If the vaccine works to prevent cervical HPV-16 and HPV-18 infection in women, it may well work to prevent anal HPV-16 and HPV-18 infection and AIN associated with these types. The Merck vaccine is also active against HPV-6 and HPV-11, which has the additional advantage of potentially preventing anal warts, an important problem among MSM. Research is needed on the efficacy of the HPV vaccine in men and specifically on the prevention of AIN in men and women. Its potential utility should also be explored in HIV-positive men and women.

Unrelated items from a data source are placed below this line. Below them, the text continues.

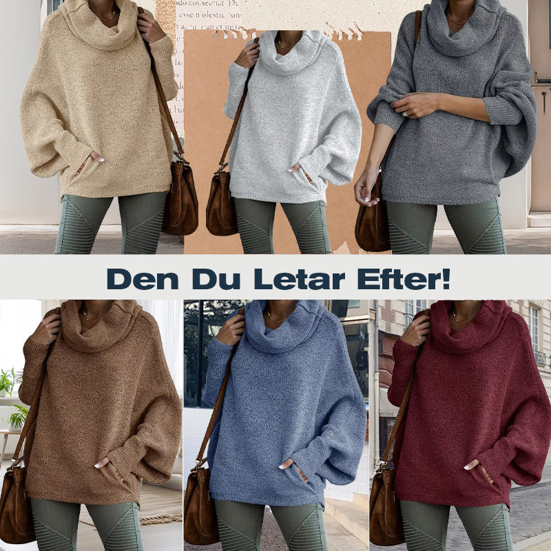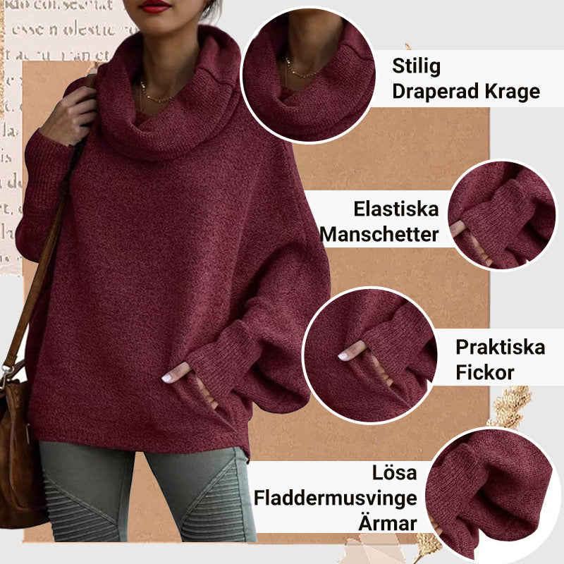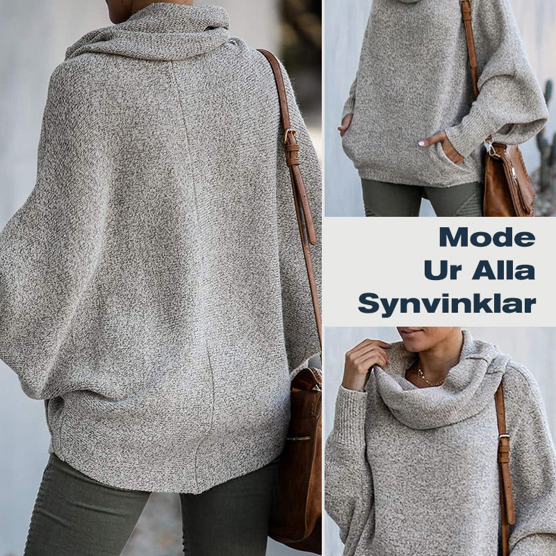 Fladdermusvinge Draperad Krage Tröja med Fickor för Kvinnor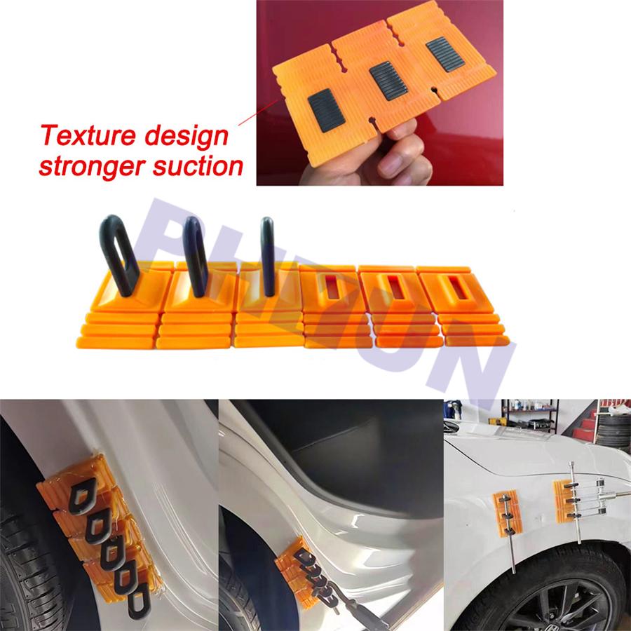 Easy To Operate】Package includes 3 x different size yellow dent-pulling tabs, 14 x black slides and 1 x dent lifter. The different size dent-pulling tabs for different dents and hail damage that helps you to tackle any dent or dings repair. Paintless puller tabs is designed for any garage or professional body shop, it's easy to operate, control, dismantle and store.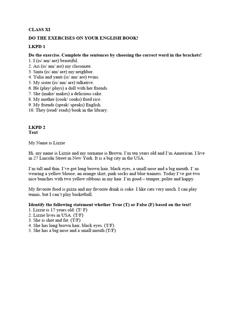 1. Lizzie is 17 years old. (T/ F)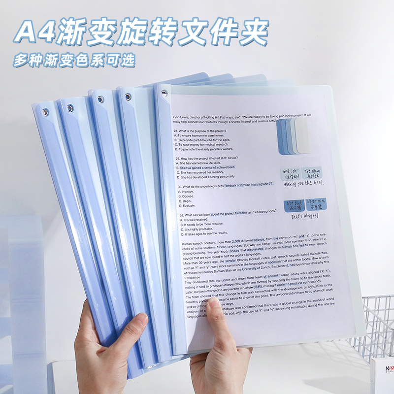渐变色旋转拉杆夹a4透明文件夹侧开式试卷夹学生抽杆夹收纳档案夹
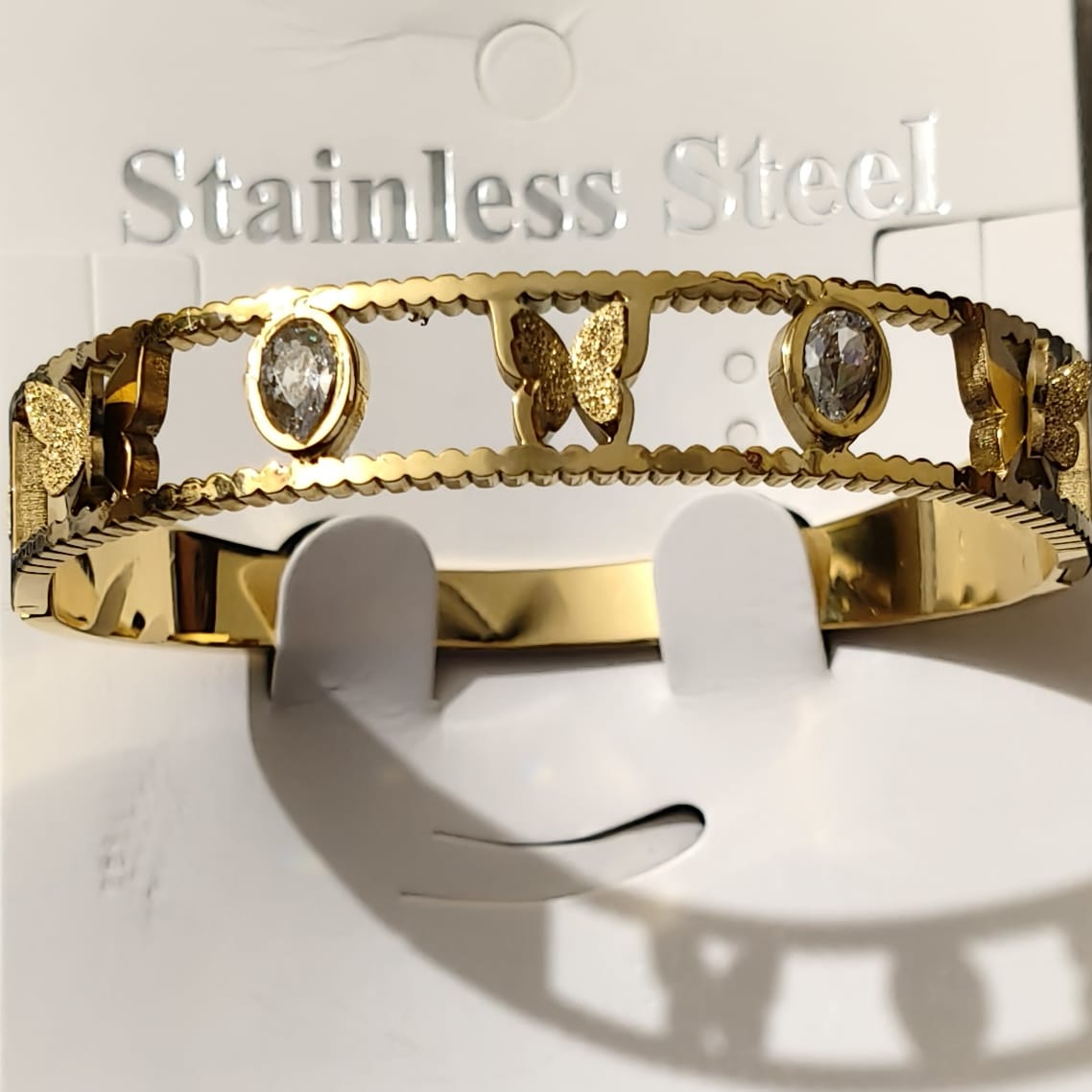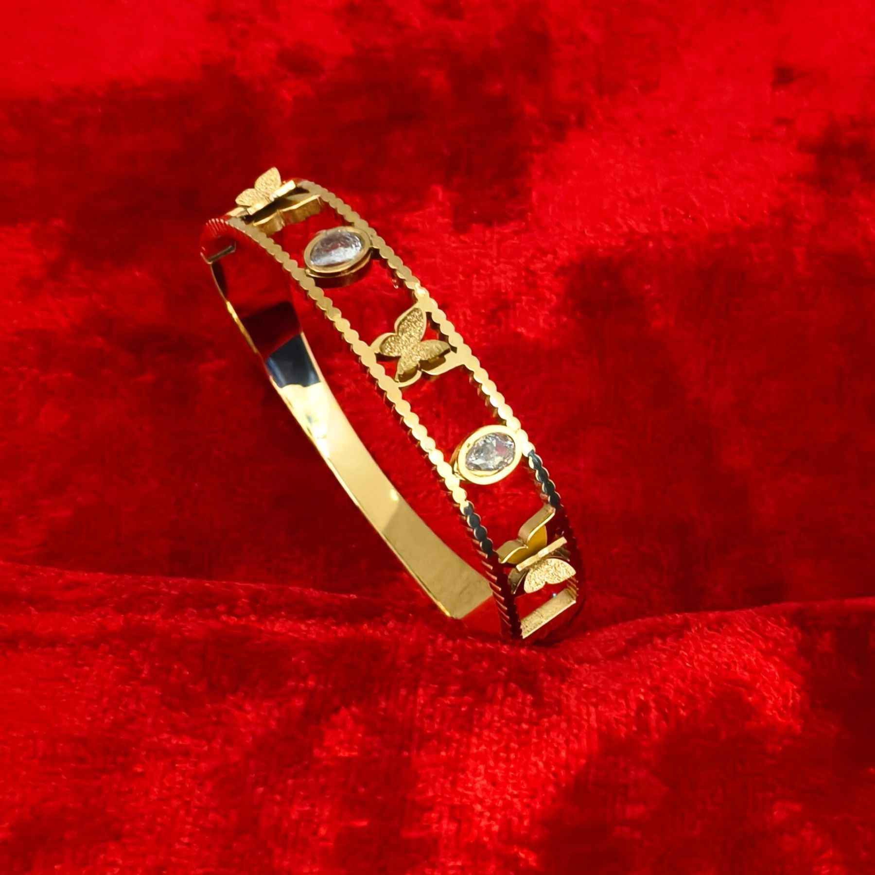 Featuring a graceful butterfly motif adorned with sparkling American Diamonds, this bangle-style bracelet is crafted from premium stainless steel with a luxurious gold plating. Its anti-tarnish finish ensures long-lasting shine, making it perfect for both special occasions and adding a feminine touch to your daily look.

It is also important to remember that HPV infection is typically acquired soon after initiation of sexual activity. To be maximally effective, HPV vaccination would ideally be done prior to this point. This means that the best time to vaccinate both men and women would be in early adolescence or possibly sooner, depending on the duration of vaccine protection.

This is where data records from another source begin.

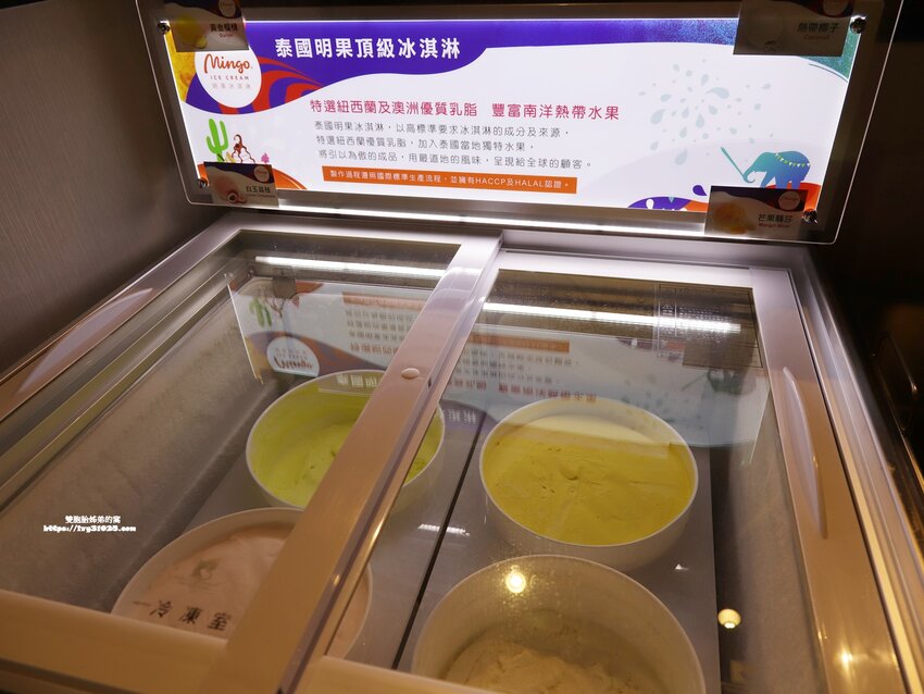 更有泰國明果頂級冰淇淋4種口味可任選,旁邊有甜筒餅乾自取。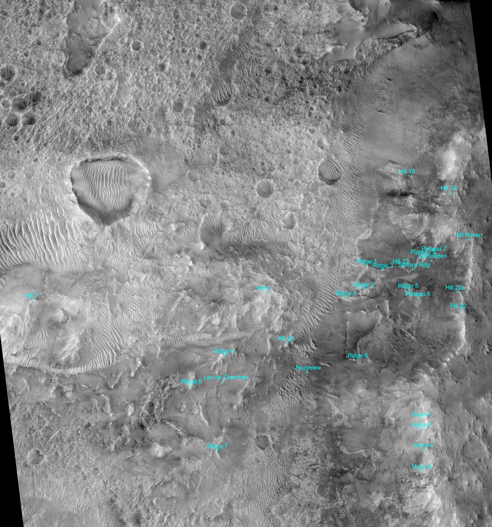 The annotated mosaics below are generated automatically using rover and feature coordinates (lat,lon,elevation). Features hidden by others in the foreground are omitted with an experimental 3D masking, based on the terrain horizon elevation angle and distance.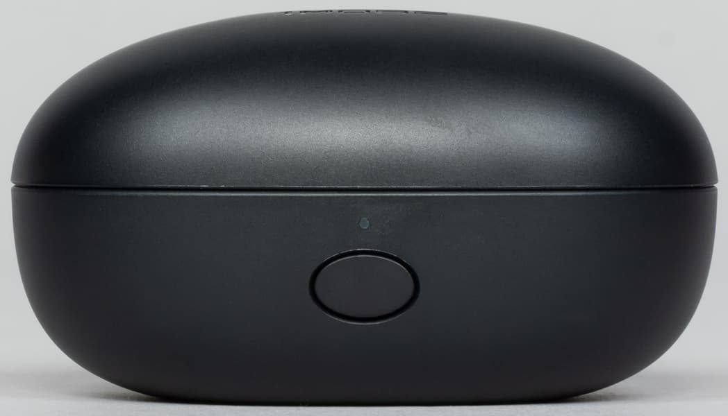 Ну и, наконец, 1More Stylish True Wireless. Самые дорогие наушники в сегодняшнем обзоре с претензией на «премиальный» сегмент. Но вот по кейсу этого, честно говоря, не скажешь. Пластик простенький, склонен к появлению царапин и отпечатков пальцев. Из-за достаточно крупных габаритов и яйцевидной формы его неудобно носить в кармане. Но есть у него и положительные черты: например — подпружиненная крышка без какого-либо люфта, открываемая с помощью кнопки на передней панели, где также можно заметить небольшой индикатор зарядки.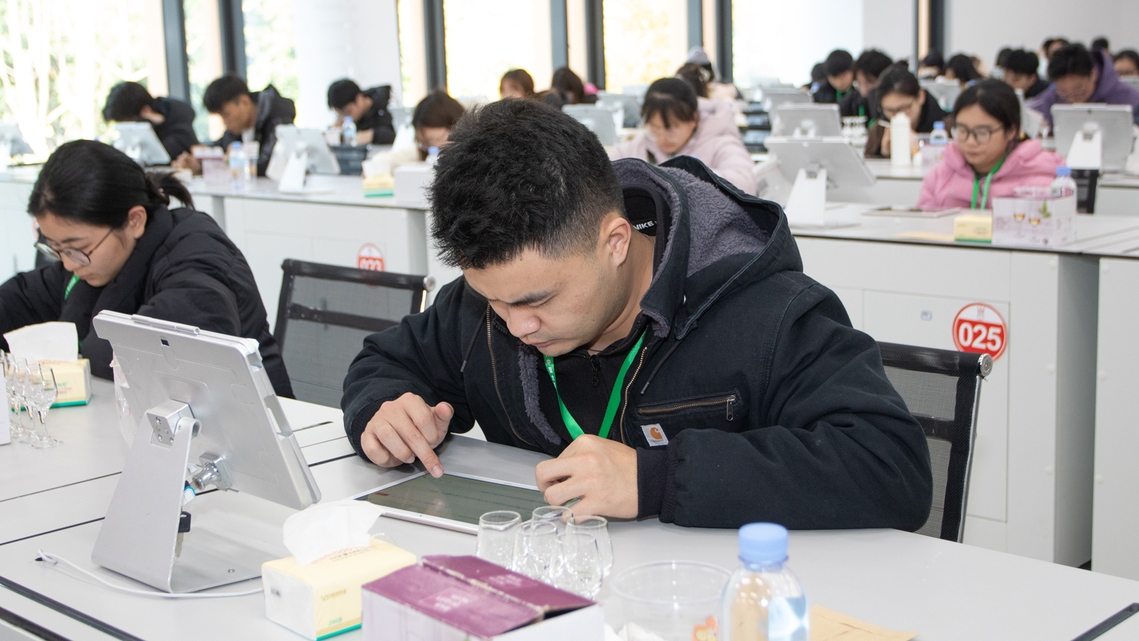 品酒赛场上,选手们将自己的专业知识与实践能力相结合,展示了扎实的基本功以及良好的专业素养。喻康杰是来自西北农林科技大学的遗传学育种的博一的学生,在品酒大赛中,他秉承着“鼻闻其香,口尝其味”的原则体会酒液醇香。他表示,品酒需要注意许多细节,不仅需要具备丰富的理论知识,还要保持良好的心态,保证规律的作息时间。感官,味觉,嗅觉等都会影响对酒的品鉴。
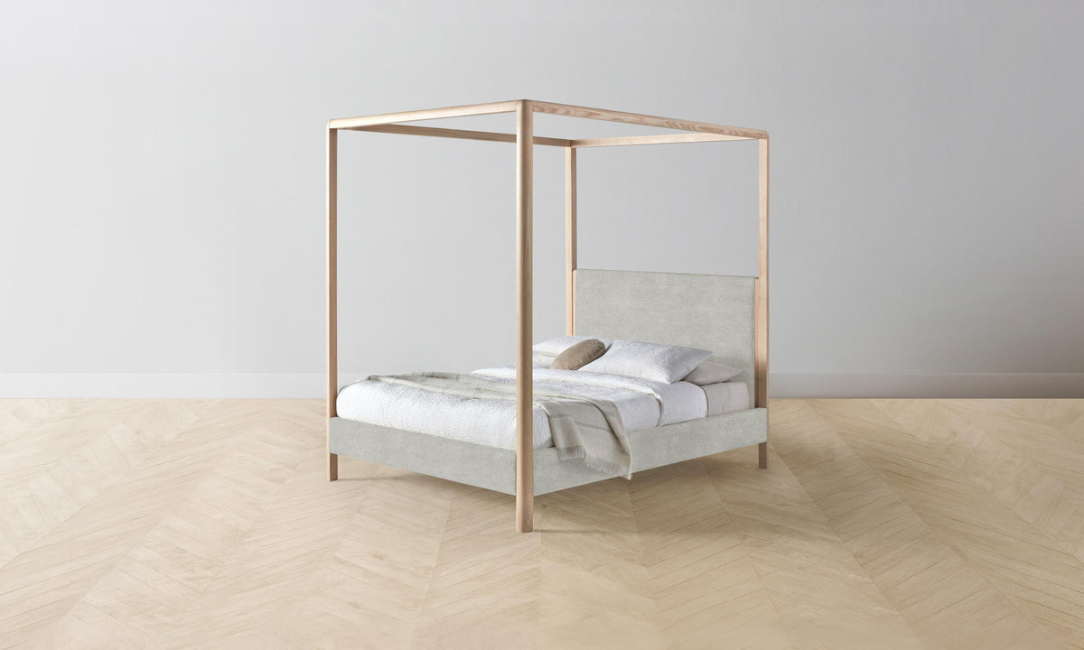 The Thompson Canopy Bed is an expression of graceful simplicity. It has an ash frame with rounded corners and neat upholstery along the headboard, foot rail, and sides, creating a perfect balance of rigidity and softness. Handcrafted in North Carolina.

Despite the great long-term promise to substantially reduce the incidence of AIN and anal cancer, a word of caution about the HPV vaccines is in order. HPV-16 and HPV-18 account for approximately 70% of cervical cancers, and a similar or higher proportion of anal cancers. The vaccines appear to be type-specific and they likely will not prevent infection with other oncogenic HPV types. It may be that we will still need to screen and treat for AIN, even if the vaccine is used by all at-risk men and women, and even if the vaccines perform perfectly in real-life conditions. It is similarly envisioned that screening for CIN will still be required in vaccinated women, albeit at possibly longer intervals. Second generation vaccines that contain additional oncogenic HPV types are on the drawing board and may mitigate this problem. But in the meantime, we need to assume that there will be a continued need to screen and treat for AIN, even if the HPV vaccines lead to reduced intensity of such a program. Lastly, we must remember that these vaccines have not been shown to have therapeutic potential, and even if the vaccines work perfectly, we will still need to care for the millions of men and women who have already been exposed to HPV-16 and HPV-18, and who are at risk of anal cancer in the future.